Limitations & Future Work¶

The authors acknowledge that the method relies purely on geometric clues for decomposition, lacking physical principles. Consequently, it cannot satisfy task-specific decomposition requirements that demand physical reasoning (e.g., splitting based on movable joints or load-bearing structures).
Since the latents of all parts are simultaneously processed through the diffusion steps, inference time scales with the number of parts, making real-time performance difficult with numerous parts—a severe bottleneck for highly detailed objects.
Independent critique/limitations: The performance heavily relies on the quality of P3-SAM. Although bounding boxes and semantic features mitigate segmentation noise, the initial clues still originate from P3-SAM. If it completely fails on certain object categories, both the bounding boxes and semantic features will be misleading. Furthermore, evaluations are only conducted on 200 samples of ObjaversePart-Tiny, lacking sufficient validation on out-of-domain/real-world scanned datasets.
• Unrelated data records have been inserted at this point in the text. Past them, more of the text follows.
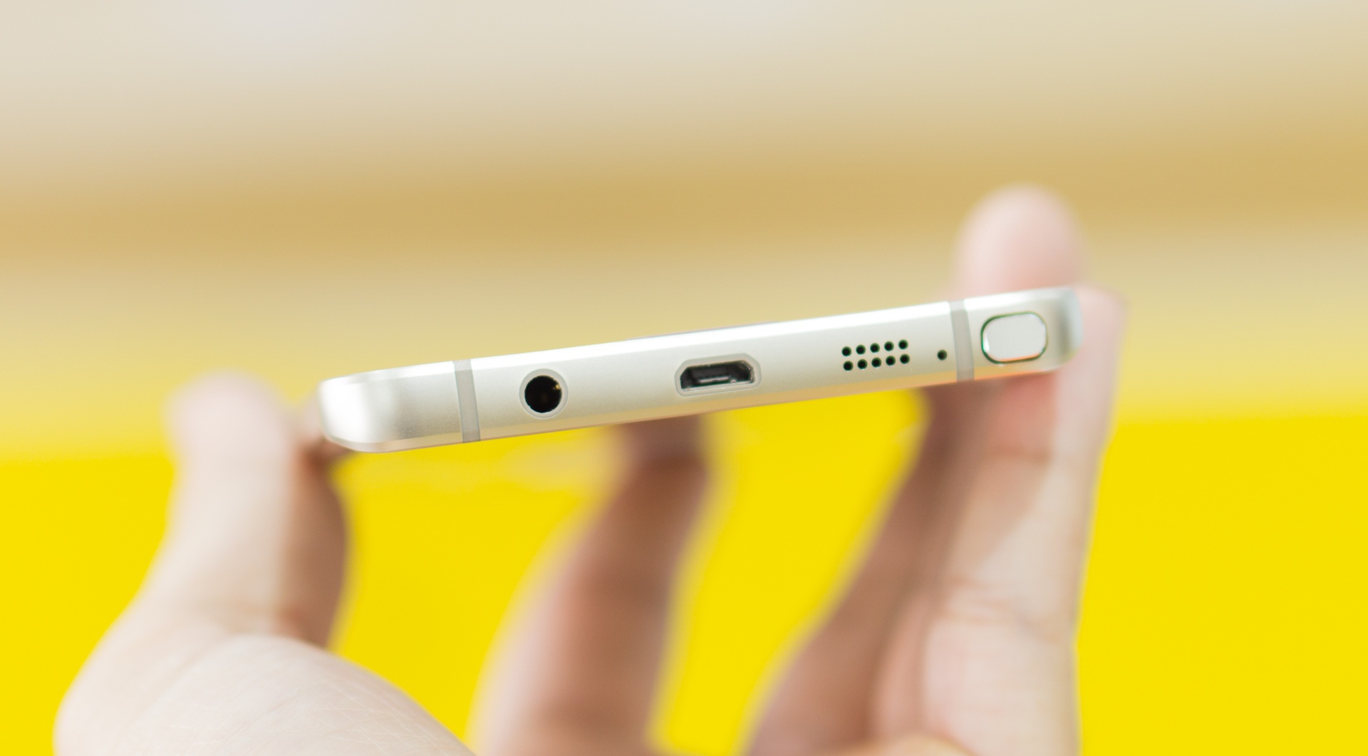 | Cạnh dưới có giắc âm thanh, microUSB, loa và bút S Pen. |
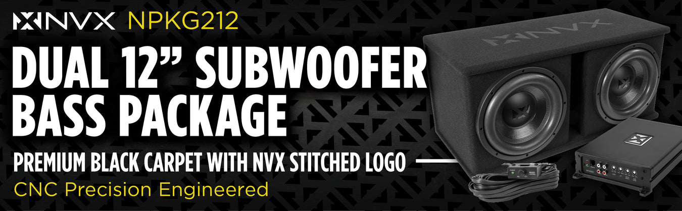 NPKG212 1000W Peak (500W RMS) Loaded Dual 12" Subwoofer with Slot Ported Enclosure and Monoblock Amplifier with Remote Bass Knob and Amplifier Wiring Kit
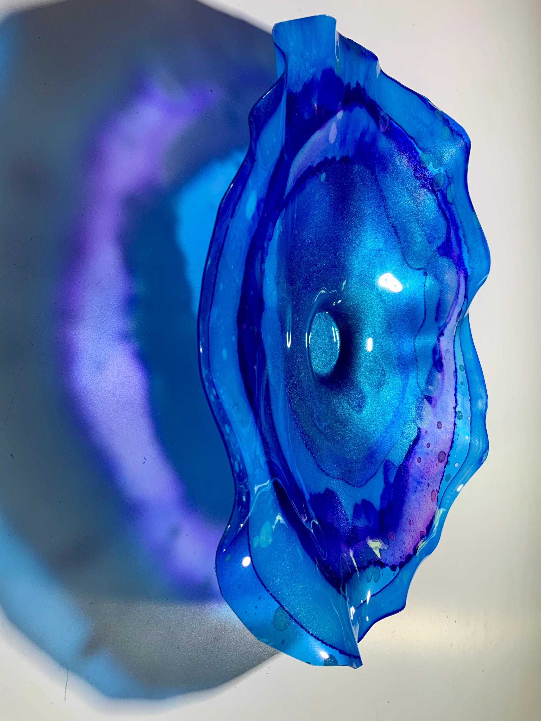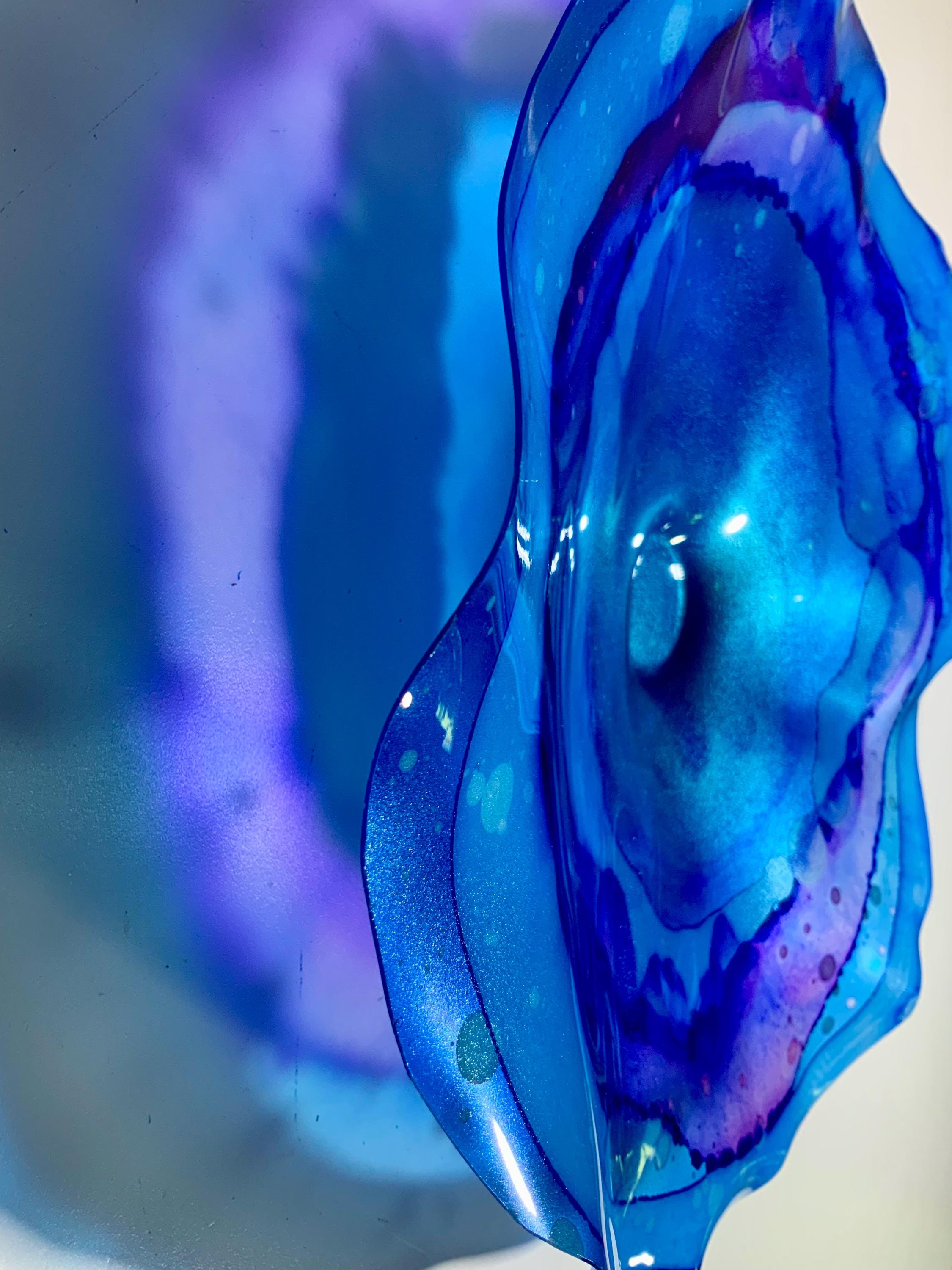 Each collectible piece is unique, no two are alike. This permanent, colorful, eye catching art looks and feels like glass. It shimmers in the light resembling water. They are very DURABLE, AND LIGHTWEIGHT. These flowers are easy to hang, all weather and UV resistant. Great for indoor or outdoor decorating.

Future directions: Incorporating physical/mobility priors to perform physics-aware decomposition; using sparse or hierarchical part tokens to mitigate the linear relationship between part counts and inference time.

vs HoloPart: HoloPart completes geometry for each part independently based on 3D segmentations, making it highly sensitive to segmentation errors. X-Part adopts bounding boxes + semantic features for synchronized multi-part generation, yielding significantly higher part decomposition quality (CD 0.11 vs. 0.26) and better robustness against segmentation noise.
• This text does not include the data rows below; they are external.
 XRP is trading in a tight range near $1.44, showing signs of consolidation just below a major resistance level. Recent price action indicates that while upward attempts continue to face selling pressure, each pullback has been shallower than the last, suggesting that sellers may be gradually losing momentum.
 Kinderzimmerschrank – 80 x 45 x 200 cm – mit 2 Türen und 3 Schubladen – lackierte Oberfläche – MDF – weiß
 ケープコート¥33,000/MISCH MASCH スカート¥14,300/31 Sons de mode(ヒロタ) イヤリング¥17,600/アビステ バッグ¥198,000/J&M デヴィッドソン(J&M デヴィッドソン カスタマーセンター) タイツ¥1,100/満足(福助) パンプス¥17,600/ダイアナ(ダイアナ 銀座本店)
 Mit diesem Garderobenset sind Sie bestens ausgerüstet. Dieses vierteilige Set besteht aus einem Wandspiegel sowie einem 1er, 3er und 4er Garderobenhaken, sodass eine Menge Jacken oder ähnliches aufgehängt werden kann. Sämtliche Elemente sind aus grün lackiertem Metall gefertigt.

vs PartCrafter / PartPacker: These methods do not rely on explicit segmentations and extract parts automatically via multi-instance DiTs, resulting in poor controllability and blurry boundaries. X-Part reclaims user control with bounding box prompts and is capable of completing occluded geometry.
vs OmniPart: OmniPart also employs bounding box prompts and relies on Trellis-based explicit representations, but it cannot complete occluded geometry and requires generating coarse geometry beforehand. X-Part directly performs decomposition and completion on existing 3D shapes, outperforming OmniPart even when the latter is fed with ground-truth masks.
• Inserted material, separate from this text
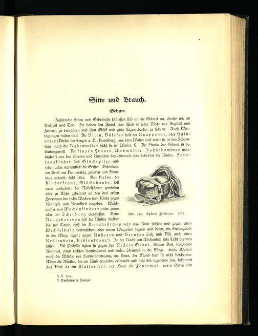 Zahlreiche Litten und Gebräuche schließen sich an die Geburt an, ebenso wie an Hochzeit und Tod. Sie haben den Zweck, das Kind in jeder Weise vor Unglück und Fehlern zu bewahren und ihm Glück und gute Eigenschaften zu sichern. Auch Weissagungen finden statt. Die B i l e n, B ü l e k e n holt der K n appe n ä r , oder Hain- otter (Dörfer bei Lenzen a. E., havelberg) aus den, Wasser und wirft sie in den Schornstein ; auch die Bademutter fischt sie im Wasser, L. Die Stunde der Geburt ist bedeutungsvoll. Dieklugen Frauen, Wehmütter, Z ü st heba m m e n weis- sagten^) aus den Sternen und Anzeichen des Himmels das Schicksal des Kindes. Sonntagskinder sind Glückspilze und sehen alles, namentlich die Geister. Besonders ein Kind am Donnerstag geboren und Sonntags getauft, sieht alles. Den Helm, die Kinderkrone, Glückshaube, soll man aufheben; die Nabelschnur zerrieben oder zu Asche gebrannt an den drei ersten Feiertagen der sechs Wochen dem Kinde gegen Krämpfe und Krankheit eingeben. Waschwasser von Wochenkindern unter Zaun oder an Scheidung ausgießen. Beim N e u g e b o r e n e n soll die Mutter bleiben bis zur Taufe, daß die Unnaärdschen nicht das Kind stehlen und gegen einen Wechselbalg vertauschen, oder vorm Weggehen segnen und beten, ein Gesangbuch in die Wiege legen; gegen Anheren und Berufen Salz und Dill, auch einen K r ö t e n ste i n , K r ö t e n k r o n e?) Zn der Nacht am Wochenbett stets Licht brennen lassen. Bei s)echüle legten sie gegen den Nickert Mrant, blauen Dost, schwarze» Kümmel, einen rechten Hemdsärmel und linken Strumpf in die Wiege. Sechs Wochen muß die Wäsche vor Sonnenuntergang ins Haus, der Mond darf sie nicht bescheinen. Wenn die Mutter, die ein Kind erwartet, erschrickt und faßt sich irgendwo hin, bekommt das Kind da ein Muttermal, vor Feuer ein Feuer mal, vorm Hasen eine

vs CoPart / BANG / AutoPartGen: CoPart supports up to 8 parts and cannot decompose existing shapes; BANG utilizes explosive decomposition but easily loses fine geometric details; AutoPartGen generates parts autoregressively, which is computationally expensive and offers weak control. X-Part is comprehensively superior in terms of part count (up to 50), controllability, and completion capability.

Rating¶

Novelty: ⭐⭐⭐⭐ The conditioning design of "bounding box prompts + intermediate semantic features" is highly counter-intuitive and clever, though the synchronized multi-part diffusion framework inherits from the PartCrafter paradigm.
Experimental Thoroughness: ⭐⭐⭐⭐ It evaluates both decomposition and overall generation tasks, compares against multiple strong baselines, and ablation studies clearly identify part conditioning as the core; however, evaluation is restricted to a dataset of only 200 samples.
Writing Quality: ⭐⭐⭐⭐ The derivation of motivations and conditioning design are clearly explained, and the three experimental tables are self-consistent.
Value: ⭐⭐⭐⭐ Directly serves the 3D asset production pipeline (retopology, UV mapping, editing); controllable, completed, and editable part-level decomposition holds high practical value.